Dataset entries
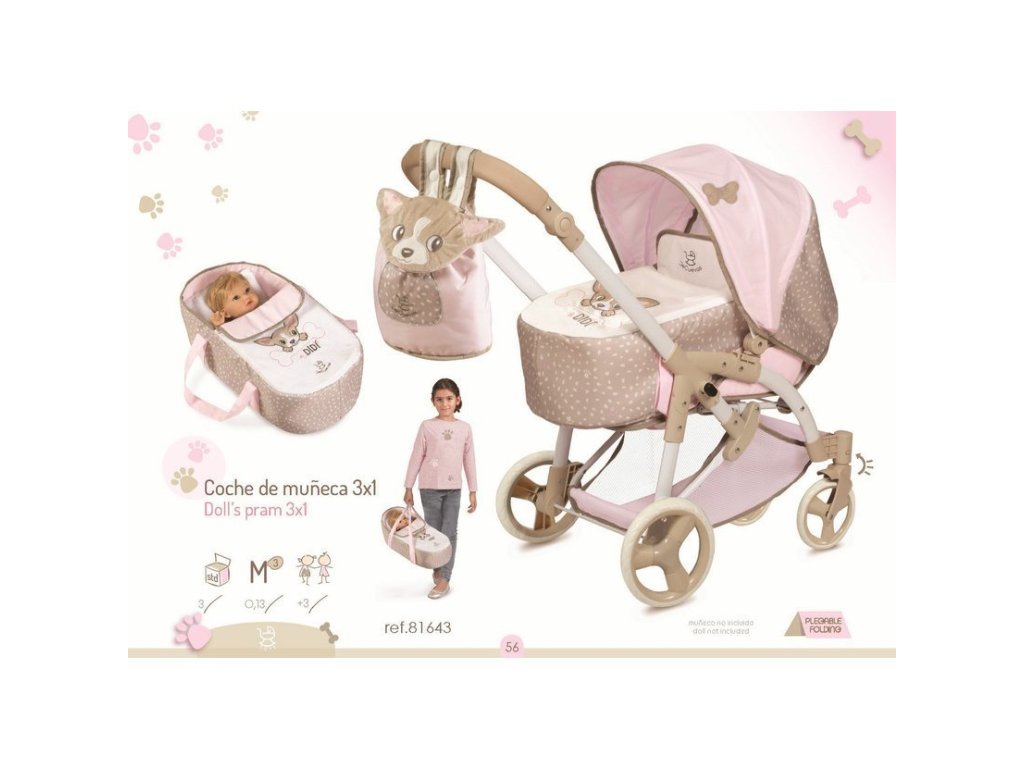 Dětský kočárek DeCuevas 81643 skládací pro panenky 3 v 1 s přenosnou taškou DIDI 2021 - 75 cm
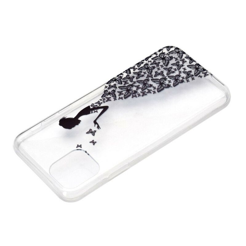 Une coque transparente, décorée d'une femme à la robe papillons, qui se fond avec les courbes fines de votre iPhone 13.
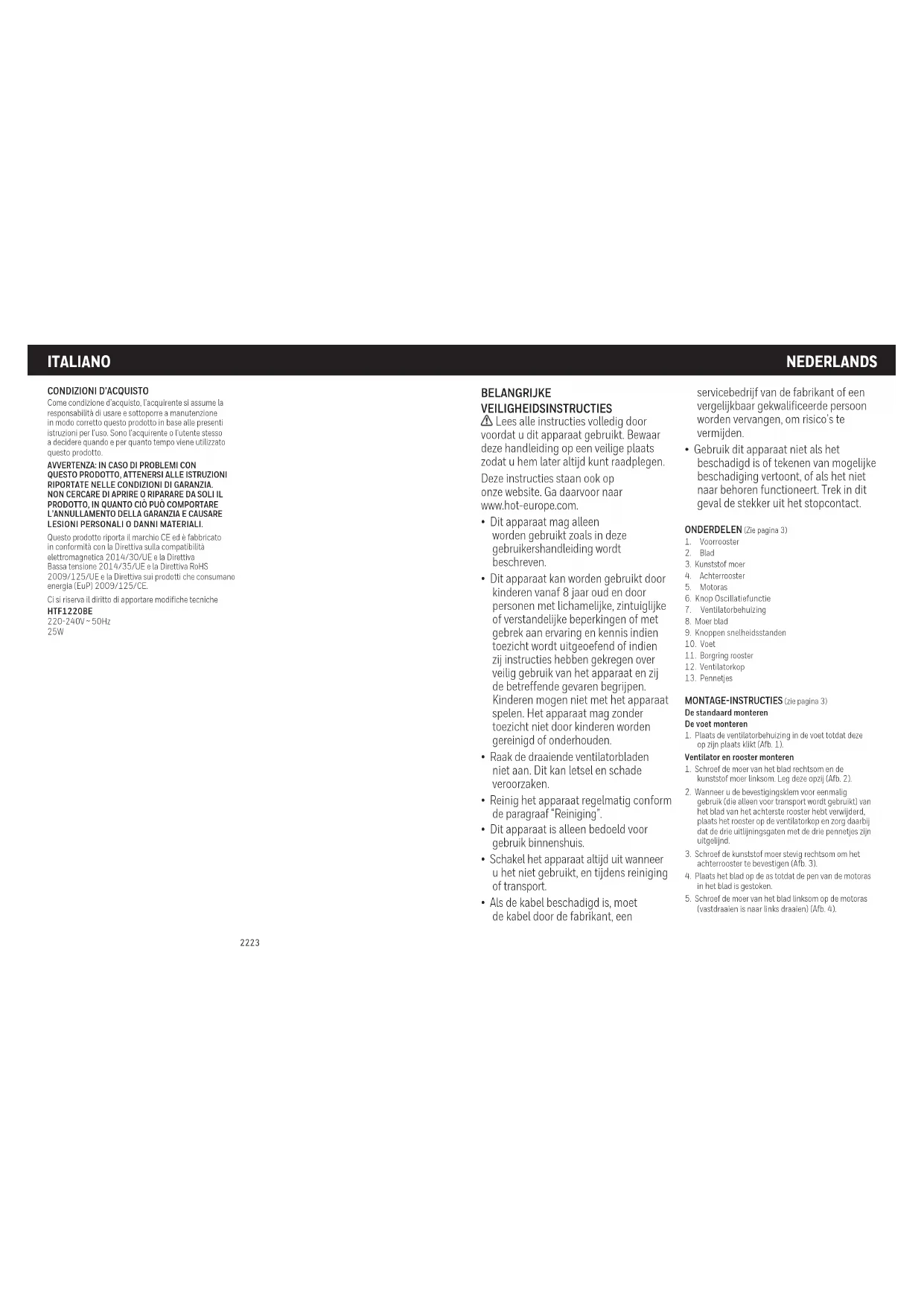 - Bewaar het apparaat op een koele, droge plaats. Dek het af om het tegen stof te beschermen. VERWIJDERING Dit apparaat voldoet aan EU-richtlijn 2012/19/EG met betrekking tot AEEA (afgedankte elektrische en elektronische apparatuur). Producten waarbij een doorgekruiste verrijdbare afvalbak staat aangegeven, op het typeplaatje, de verpakking of de gebruikershandleiding, moeten aan het einde van hun levensduur apart worden ingezameld. Het is NIET toegestaan om ze bij het normale huisvuil te doen. Informatie over inzamelpunten kunt u bij uw gemeente opvragen. Bij vervanging van apparatuur door een nieuwer exemplaar is de leverancier ook verplicht het oude model terug te nemen om het op de juiste manier voor recycling aan te bieden. GARANTIE Lees alle instructies voordat u dit apparaat gebruikt. Bewaar de kassabon als bewijs en datum van aankoop. De kassabon moet worden getoond bij claims binnen de relevante garantieperiode. Alle claims onder garantie zijn ongeldig zonder bewijs van aankoop. Uw apparaat wordt geleverd met een garantie van drie jaar (3 jaar) vanaf de aankoopdatum. Onder deze garantie vallen defecten in materiaal of vakmanschap die zich bij normaal gebruik voordoen; defecte apparaten die aan deze criteria voldoen, worden gratis vervangen. De garantie dekt GEEN defecten of schade als gevolg van misbruik of het niet volgen van de gebruikersinstructies. De garantie vervalt als het apparaat wordt geopend, als ermee wordt geknoeid, als het wordt gebruikt met andere dan de originele onderdelen of accessoires, of als er reparaties door niet-geautoriseerde personen worden uitgevoerd. Accessoires en verbruiksartikelen vallen buiten de garantie. Ga voor vragen over service naar www.hot-europe.com/support of raadpleeg de contactgegevens achterin deze gebruiksaanwijzing. Deze garantie is uitsluitend van toepassing op Europa, Rusland, het MiddenOosten en Afrika. NEDERLANDS
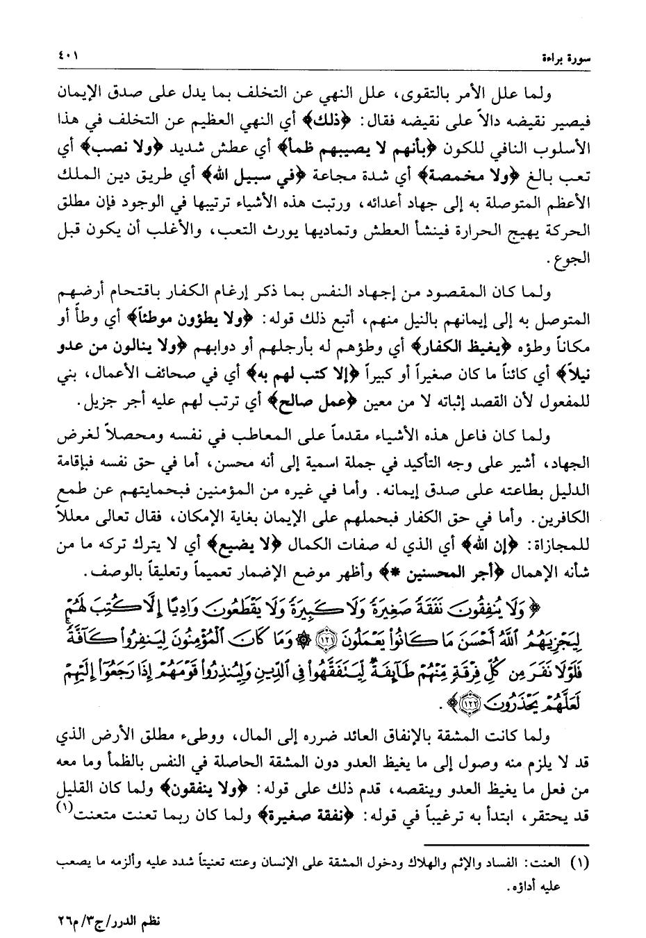 ) وَلاَ يُنفِقُونَ نَفَقَةً صَغِيرَةً وَلاَ كَبِيرَةً وَلاَ يَقْطَعُونَ وَادِياً إِلاَّ كُتِبَ لَهُمْ لِيَجْزِيَهُمُ اللَّهُ أَحْسَنَ مَا كَانُواْ يَعْمَلُونَ وَمَا كَانَ الْمُؤْمِنُونَ لِيَنفِرُواْ كَآفَّةً فَلَوْلاَ نَفَرَ مِن كُلِّ فِرْقَةٍ مِّنْهُمْ طَآئِفَةٌ لِّيَتَفَقَّهُواْ فِي الدِّينِ وَلِيُنذِرُواْ قَوْمَهُمْ إِذَا رَجَعُواْ إِلَيْهِمْ لَعَلَّهُمْ يَحْذَرُونَ ( ( )
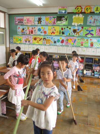 班に分かれてそれぞれのそうじをがんばっています!
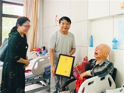 9月26日上午,省作协相关负责人梅国云和王雁翎代表中国作协给云逢鹤先生送去证书和鲜花。91岁的云逢鹤在医院里疗养,言语的表达有些吃力,但意识一直十分清楚。在接受证书和鲜花时,老人很是激动,连用中英文说着“谢谢”,热泪盈眶,令人动容。当天,海南日报记者采访了云逢鹤先生的儿子云沐,云逢鹤先生在旁边就座,听到他熟悉的人和事时,老人会咧开嘴笑,偶尔还发出几声不甚清晰的愉悦的词句。
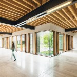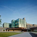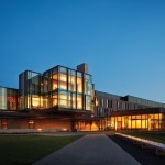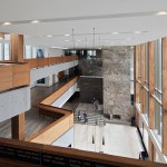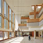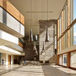 Echoing the architecture of Western University’s campus, a full height great hall anchors the main circulation, with the dining hall, library and amphitheatre extending into the surrounding landscape as distinct pavilions. Designing from the inside out, the architects created spaces that support Ivey’s unique case-based and team learning pedagogy. The research-based design process involved numerous workshops and a survey of 60 top business schools. The building’s materials—stone, concrete, glass, copper, steel, walnut, and Douglas fir—were selected for their elemental and timeless qualities. Innovative site strategies and embedded technologies were employed to achieve a sustainable design.
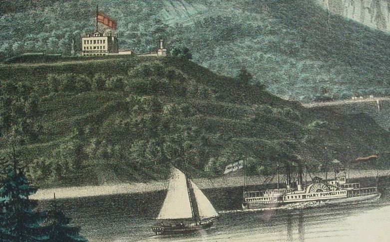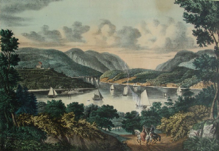 “VIEW ON THE HUDSON AT WEST POINT" 1860s Lithograph Shows Steamship Mary Powell & U. S. Military Academy
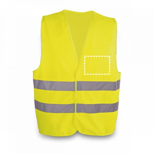Светоотражающий жилет высокой видимости из 100% полиэстера. Содержит 2 горизонтальные светоотражающие полосы и открывается спереди липучкой. Один размер: 670 x 700 мм. Вид нанесения, рекомендуемый поставщиком: трансфер, текстильный принтер
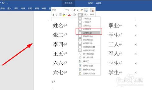 2然后,在表格内输入文字内容,选中表格,点击菜单栏上“开始-菜单-边框”,下拉选择无边框,去除表格的框线。
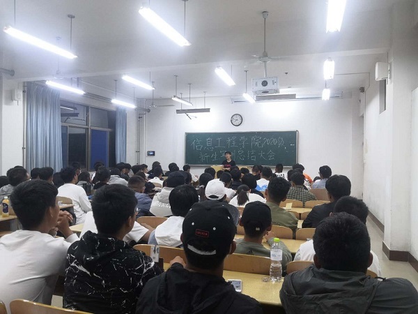 会议伊始,马盛楠老师首先对20级新生在军训中的表现做出表扬,并提出我院军训汇演取得了优秀的成果,离不开我院全体师生的共同努力。随后马盛楠老师提到,军训是大学的第一课,在军训中养成的良好习惯应在日后的学习生活中得到实践,时刻以优异的成绩凸显我信工学子的风采。最后,马盛楠老师对此次大会进行总结,为期八天的军训时光飞一般溜走,相信经过了军训的磨练,同学们会有很大的收获,希望20级新生以后依旧保持前进的步伐,勇敢向前。

(Required action): What's needed is an exact retyping of the records, pictures excluded.

(Result of this task):
 Dětský kočárek DeCuevas 81643 skládací pro panenky 3 v 1 s přenosnou taškou DIDI 2021 - 75 cm
 Une coque transparente, décorée d'une femme à la robe papillons, qui se fond avec les courbes fines de votre iPhone 13.
 - Bewaar het apparaat op een koele, droge plaats. Dek het af om het tegen stof te beschermen. VERWIJDERING Dit apparaat voldoet aan EU-richtlijn 2012/19/EG met betrekking tot AEEA (afgedankte elektrische en elektronische apparatuur). Producten waarbij een doorgekruiste verrijdbare afvalbak staat aangegeven, op het typeplaatje, de verpakking of de gebruikershandleiding, moeten aan het einde van hun levensduur apart worden ingezameld. Het is NIET toegestaan om ze bij het normale huisvuil te doen. Informatie over inzamelpunten kunt u bij uw gemeente opvragen. Bij vervanging van apparatuur door een nieuwer exemplaar is de leverancier ook verplicht het oude model terug te nemen om het op de juiste manier voor recycling aan te bieden. GARANTIE Lees alle instructies voordat u dit apparaat gebruikt. Bewaar de kassabon als bewijs en datum van aankoop. De kassabon moet worden getoond bij claims binnen de relevante garantieperiode. Alle claims onder garantie zijn ongeldig zonder bewijs van aankoop. Uw apparaat wordt geleverd met een garantie van drie jaar (3 jaar) vanaf de aankoopdatum. Onder deze garantie vallen defecten in materiaal of vakmanschap die zich bij normaal gebruik voordoen; defecte apparaten die aan deze criteria voldoen, worden gratis vervangen. De garantie dekt GEEN defecten of schade als gevolg van misbruik of het niet volgen van de gebruikersinstructies. De garantie vervalt als het apparaat wordt geopend, als ermee wordt geknoeid, als het wordt gebruikt met andere dan de originele onderdelen of accessoires, of als er reparaties door niet-geautoriseerde personen worden uitgevoerd. Accessoires en verbruiksartikelen vallen buiten de garantie. Ga voor vragen over service naar www.hot-europe.com/support of raadpleeg de contactgegevens achterin deze gebruiksaanwijzing. Deze garantie is uitsluitend van toepassing op Europa, Rusland, het MiddenOosten en Afrika. NEDERLANDS
 ) وَلاَ يُنفِقُونَ نَفَقَةً صَغِيرَةً وَلاَ كَبِيرَةً وَلاَ يَقْطَعُونَ وَادِياً إِلاَّ كُتِبَ لَهُمْ لِيَجْزِيَهُمُ اللَّهُ أَحْسَنَ مَا كَانُواْ يَعْمَلُونَ وَمَا كَانَ الْمُؤْمِنُونَ لِيَنفِرُواْ كَآفَّةً فَلَوْلاَ نَفَرَ مِن كُلِّ فِرْقَةٍ مِّنْهُمْ طَآئِفَةٌ لِّيَتَفَقَّهُواْ فِي الدِّينِ وَلِيُنذِرُواْ قَوْمَهُمْ إِذَا رَجَعُواْ إِلَيْهِمْ لَعَلَّهُمْ يَحْذَرُونَ ( ( )
 班に分かれてそれぞれのそうじをがんばっています!
 9月26日上午,省作协相关负责人梅国云和王雁翎代表中国作协给云逢鹤先生送去证书和鲜花。91岁的云逢鹤在医院里疗养,言语的表达有些吃力,但意识一直十分清楚。在接受证书和鲜花时,老人很是激动,连用中英文说着“谢谢”,热泪盈眶,令人动容。当天,海南日报记者采访了云逢鹤先生的儿子云沐,云逢鹤先生在旁边就座,听到他熟悉的人和事时,老人会咧开嘴笑,偶尔还发出几声不甚清晰的愉悦的词句。
 Echoing the architecture of Western University’s campus, a full height great hall anchors the main circulation, with the dining hall, library and amphitheatre extending into the surrounding landscape as distinct pavilions. Designing from the inside out, the architects created spaces that support Ivey’s unique case-based and team learning pedagogy. The research-based design process involved numerous workshops and a survey of 60 top business schools. The building’s materials—stone, concrete, glass, copper, steel, walnut, and Douglas fir—were selected for their elemental and timeless qualities. Innovative site strategies and embedded technologies were employed to achieve a sustainable design.
 “VIEW ON THE HUDSON AT WEST POINT" 1860s Lithograph Shows Steamship Mary Powell & U. S. Military Academy
Светоотражающий жилет высокой видимости из 100% полиэстера. Содержит 2 горизонтальные светоотражающие полосы и открывается спереди липучкой. Один размер: 670 x 700 мм. Вид нанесения, рекомендуемый поставщиком: трансфер, текстильный принтер
 2然后,在表格内输入文字内容,选中表格,点击菜单栏上“开始-菜单-边框”,下拉选择无边框,去除表格的框线。
 会议伊始,马盛楠老师首先对20级新生在军训中的表现做出表扬,并提出我院军训汇演取得了优秀的成果,离不开我院全体师生的共同努力。随后马盛楠老师提到,军训是大学的第一课,在军训中养成的良好习惯应在日后的学习生活中得到实践,时刻以优异的成绩凸显我信工学子的风采。最后,马盛楠老师对此次大会进行总结,为期八天的军训时光飞一般溜走,相信经过了军训的磨练,同学们会有很大的收获,希望20级新生以后依旧保持前进的步伐,勇敢向前。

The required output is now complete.